LD threshold. Available for r2 > 0.2. If an r2 threshold is specified (see the Set Options tab), results for each variant will be shown in a separate table along with other variants in LD. If r2 is set to NA, only queried variants will be shown, together in one table.

1000G Phase 1 population for LD calculation. LD was calculated separately for each continent. When interpreting association studies, this option should be set to the population that best matches the ancestry of the subjects.

Source for epigenomes. Four options are available: The core 15-state model, the 25-state model using imputed marks, using peaks from H3K4me1 and H3K4me3 (as enhancers and promoters, respectively), and using peaks from H3K27ac and H3K9ac (as enhancers and promoters, respectively).

Mammalian conservation algorithm. HaploReg provides annotations from two algorithms designed to detect constrained sequences across mammalian genomes: GERP and SiPhy-omega. By default, both are displayed. A colored box indicates that the region is called as constrained (vs. non-constrained) by one of these algorithms. Please see the original publications for details on how discrete elements are called.

Show position relative to genes. Gene annotations by GENCODE are shown included by default.

Condense lists. Some SNPs are bound by many proteins, or are DNAse hypersensitive in many cell types. By default, when more than three cell types, proteins, or motifs are involved, a summary (e.g., "7 cell types"). Hovering over these condensed cells displays pop-up text with the complete list.

Condense indel oligos. HaploReg always displays both the reference and alternate nucleotide(s). In the case of indels, if the reference or alternate is longer than six nucleotides, the oligonucleotide will be condensed (e.g., "7mer").

Usage example

From the GWAS drop-down menu, select "Attention deficit hyperactivity disorder (66 loci from 6 studies in EUR)" and select "Submit". The first result is the most significant association from the entire literature - rs864643. See that the top row is the most distantly linked in the haplotype block, rs561543, which has LD of r2 = 0.81 with the lead variant rs864643. The table reports that rs561543 overlaps with an enhancer in four major tissue types; hover ofer "4 tissues" in that row to see a variety of enhancer tissues, including brain.
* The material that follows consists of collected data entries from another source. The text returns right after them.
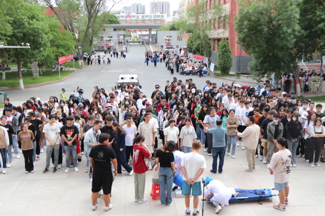 学校党委高度重视安全生产工作,分管文光校区的校党委常委、副校长帕提曼·吐尔逊代表学校党委到现场指挥本次疏散演练。帕提曼·吐尔逊发布演练开始指令,演练现场点燃模拟烟雾、拉响警报器,全体辅导员、校医院医务人员和巡警第一时间赶往现场。学生们在教师的组织下,弯腰并用手护住头部,有序进行疏散,迅速向安全地点撤离,校医院第一时间启动了救援应急预案。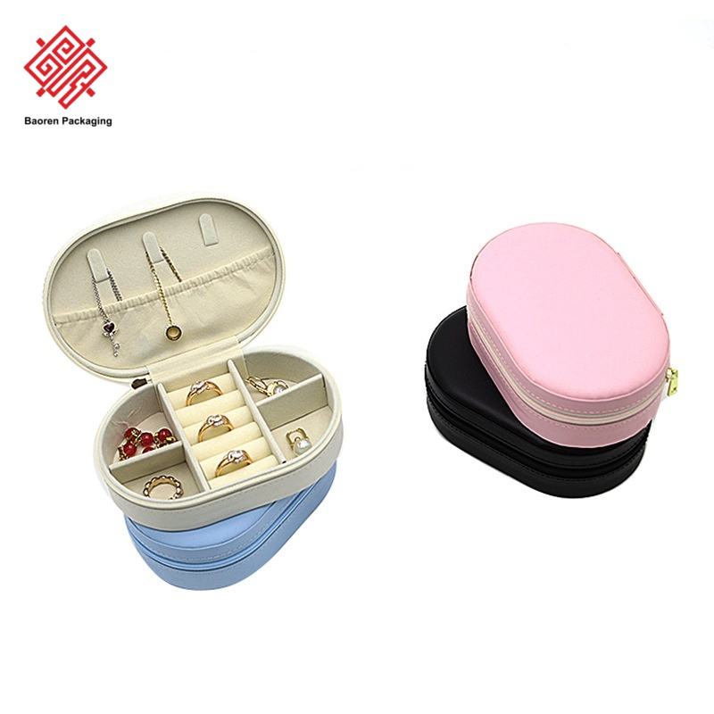 Baoren กล่องเก็บเครื่องประดับ PU ทรงรีแบบสั่งทำกล่องเครื่องประดับสร้อยคอต่างหูแบบเรียบง่ายชั้นเดียวพร้อมโลโก้ตามสั่ง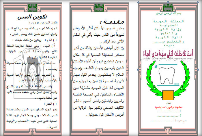 سنقدم إليكم اليوم مطويات عن عن صحة الفم والاسنان جاهزة للطباعة ، فنظافة الاسنان أمر ضروري مثل المحافظة على النظافة الشخصية للجسم، ولذلك سنقدم إليكم اليوم في هذا الفقرة مطويات عن صحة الفم والاسنان على اقرأ من خلال السطور التالية :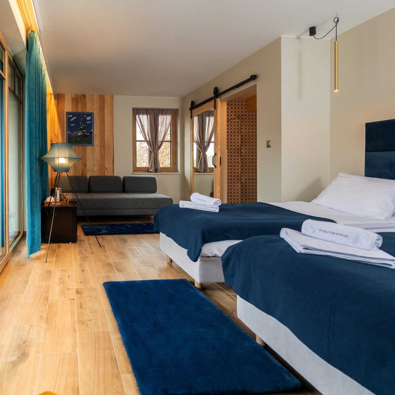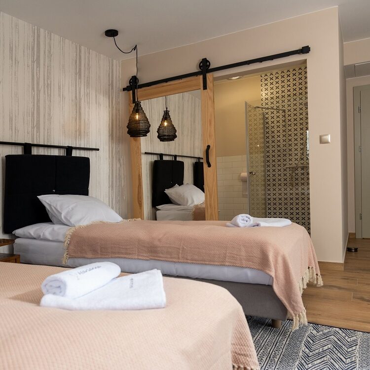Mieszkamy w klimatycznych, 2 i 3-osobowych, z których rozciąga się piękny widok na okoliczne łąki i lasy. Każdy pokój ma prywatną łazienkę, wyposażoną w ręczniki i suszarkę. Do naszej dyspozycji jest też salonik na piętrze i sauna.

Try changing to other enhancer definitions and re-submitting the query. Note that there is also a ChIP-seq result reported, HNF4 protein bound by ChIP-seq, as well as 8 eQTL results and an HNF4 motif disruption.

Below the haplotype results are the enrichment results. Note that the strongest enrichment for enhancers (as defined by the 15-state core ChromHMM model) is in the angular gyrus sample from brain.
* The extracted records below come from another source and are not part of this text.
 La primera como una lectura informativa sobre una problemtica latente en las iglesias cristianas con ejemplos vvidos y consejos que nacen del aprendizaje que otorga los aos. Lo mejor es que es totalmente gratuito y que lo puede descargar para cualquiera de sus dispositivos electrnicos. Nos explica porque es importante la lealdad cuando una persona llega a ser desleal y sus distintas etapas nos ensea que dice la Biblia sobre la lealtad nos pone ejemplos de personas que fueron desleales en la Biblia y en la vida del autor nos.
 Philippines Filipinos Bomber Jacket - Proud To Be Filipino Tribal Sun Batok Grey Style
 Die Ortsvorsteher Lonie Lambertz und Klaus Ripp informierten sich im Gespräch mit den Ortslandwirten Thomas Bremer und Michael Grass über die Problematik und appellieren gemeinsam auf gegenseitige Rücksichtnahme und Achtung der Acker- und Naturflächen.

To drill down to the detail view of a SNP, look at the lead SNP itself, rs864643, which is colored red because it is the lead SNP. Click on the link of the rsid name. Note that in the full table of epigenomic information, there is an anhancer activity cluster in brain, and it is classified as a genic enhancer by the 15-state core model, and as a transcribed 3' enhancer by the 25-state model. See also that H3K4me1, H3K27ac, and H3K9ac are all contributing to the chromatin state assignment at this SNP in these cell types. Black cells on the right hand of this area of the table indicate that DNase experiments from Roadmap are not available.
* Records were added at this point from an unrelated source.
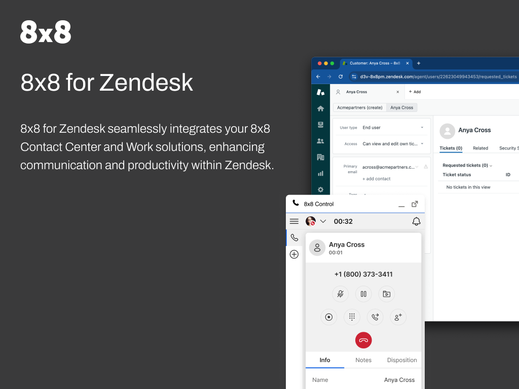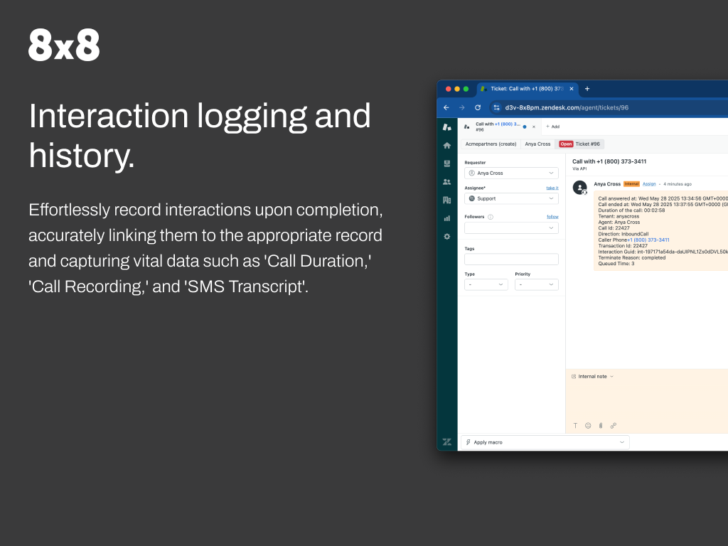 8x8 for Zendesk seamlessly integrates your 8x8 Contact Center and Work solutions, enhancing communication and productivity within Zendesk.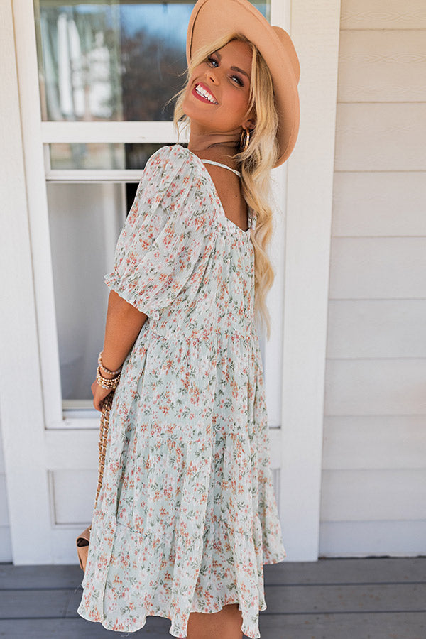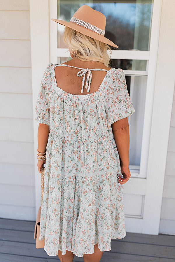 Showcase your courage within in this beautiful plus size midi dress featuring lightweight breezy material patterned with a small green and peach hued floral print, a square neckline and upper back with a tie closure, short sleeves, and a relaxed tiered silhouette that falls into a straight mid-calf length hemline!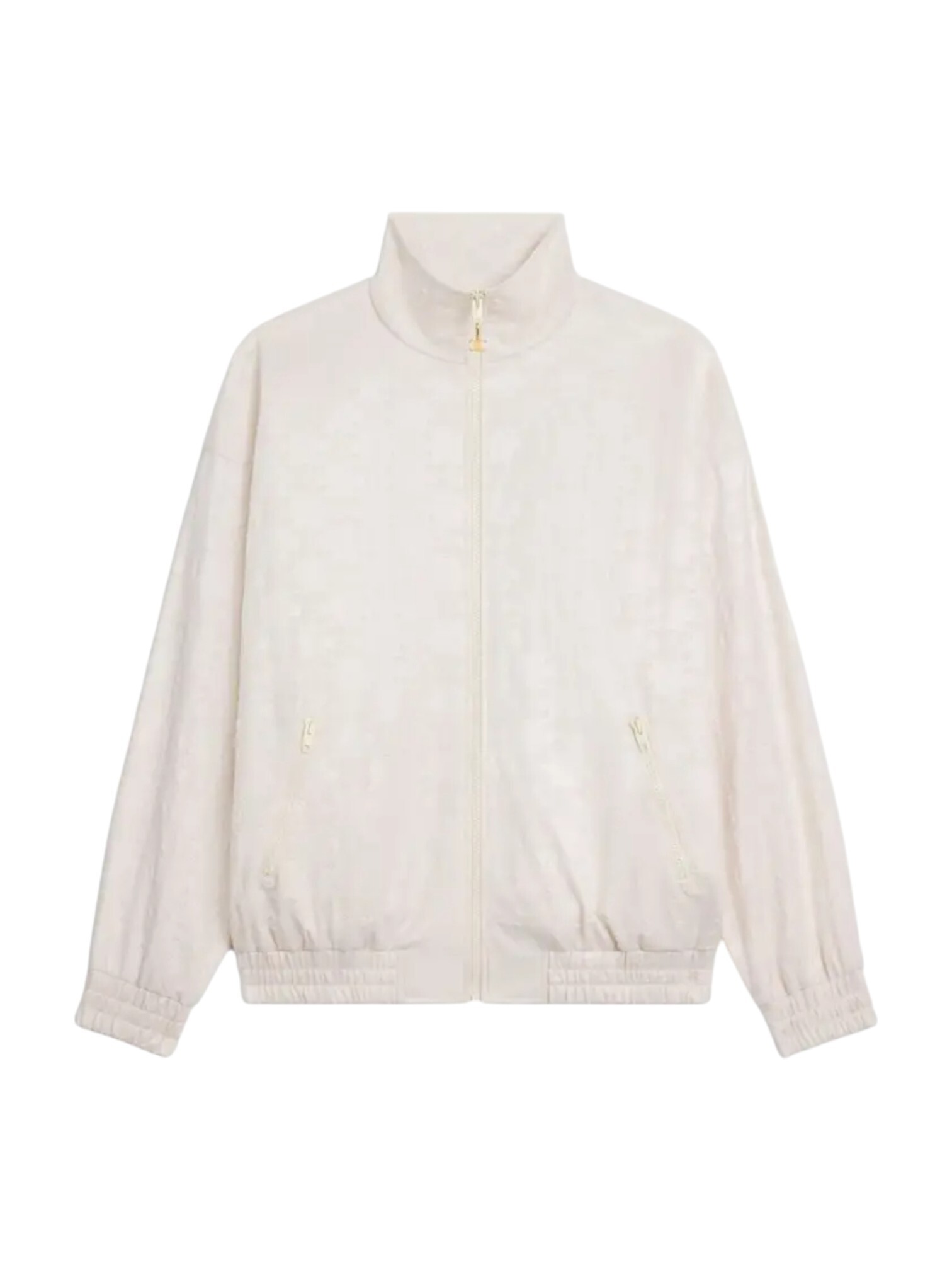 Толстовка Celine - выполненная в нежном молочном оттенке. Тисненый логотип, нанесенный по всей поверхности, создает сложную текстуру и сдержанный, но узнаваемый принт. Это демонстрация стиля без лишней крикливости, в духе современной эстетики. Высокий воротник обеспечивает дополнительное тепло и завершенность образа, а два удобных боковых кармана добавляют практичности. Застежка-молния позволяет варьировать степень открытости. Эта толстовка - инвестиция в гардероб, где каждая деталь говорит о безупречном вкусе.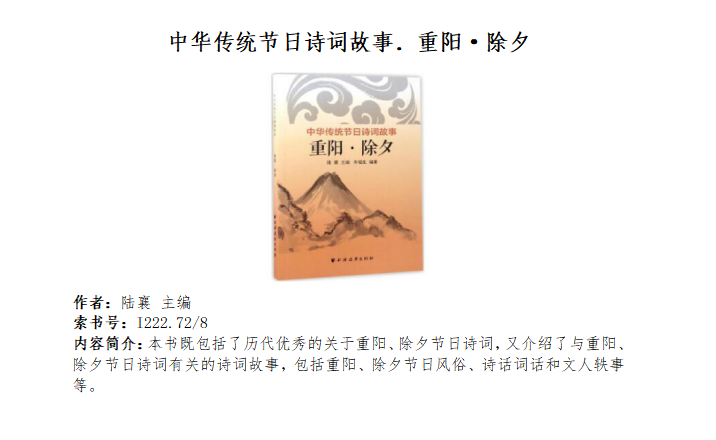 读遍书山·荐读“我们的节日——重阳节”图书推荐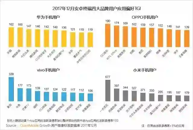 安卓四大终端品牌用户的行为偏好和应用偏好存在较大差异。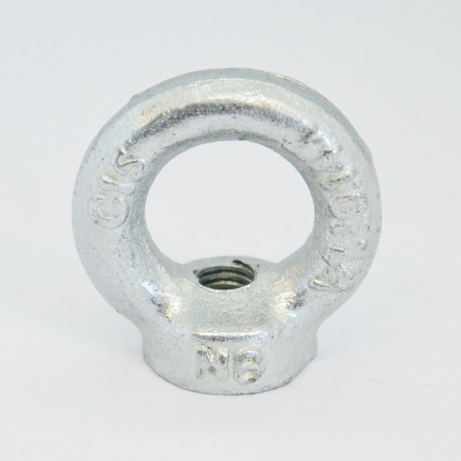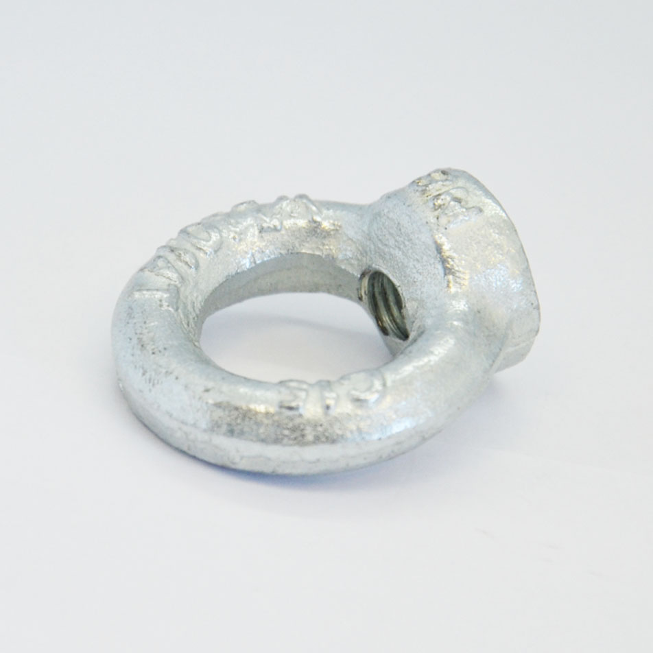 Рым-гайка DIN 582 - стальное кольцо, в основании которого имеется отверстие с нарезанной резьбой. Используется для крепления цепей и тросов и для создания различных растяжек. При такелажных работах рым-гайка может использоваться для подъема грузов. Размеры рым-гаек обозначаются в соответствии с размером метрической резьбы основания. Рым-гайки устанавливаются в закладные болты, либо, при сквозном монтаже, накручиваются на резьбовые шпильки. Изготавливается из углеродистой стали. После производства деталь проходит оцинковку.
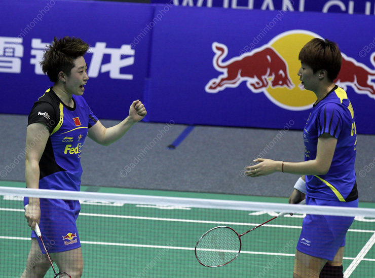Wang Xiaoli and Yu Yang (pictured), also part of the 2010 Uber Cup defeat, also vowed to redeem themselves today, in front of a ecstatic crowd. The two super players, almost unbeatable since the first days of their partnership in late 2010, relied on their fantastic ability to win the first doubles point in two straight games.

At the bottom of the detail page for rs864643, see the eQTL result showing that the SNP has been correlated with MOBP expression in two brain tissues. In the motif table, note that the SNP changes the match to the p300 PWM, ATTAYRWCA, with the alternate allele changing a match to the fourth A to a G. Hover over the “p300_disc” ID to see that the PWM was discovered using the Trawler algorithm on a p300 ChIP-Seq experiment in HeLa cells from the ENCODE dataset.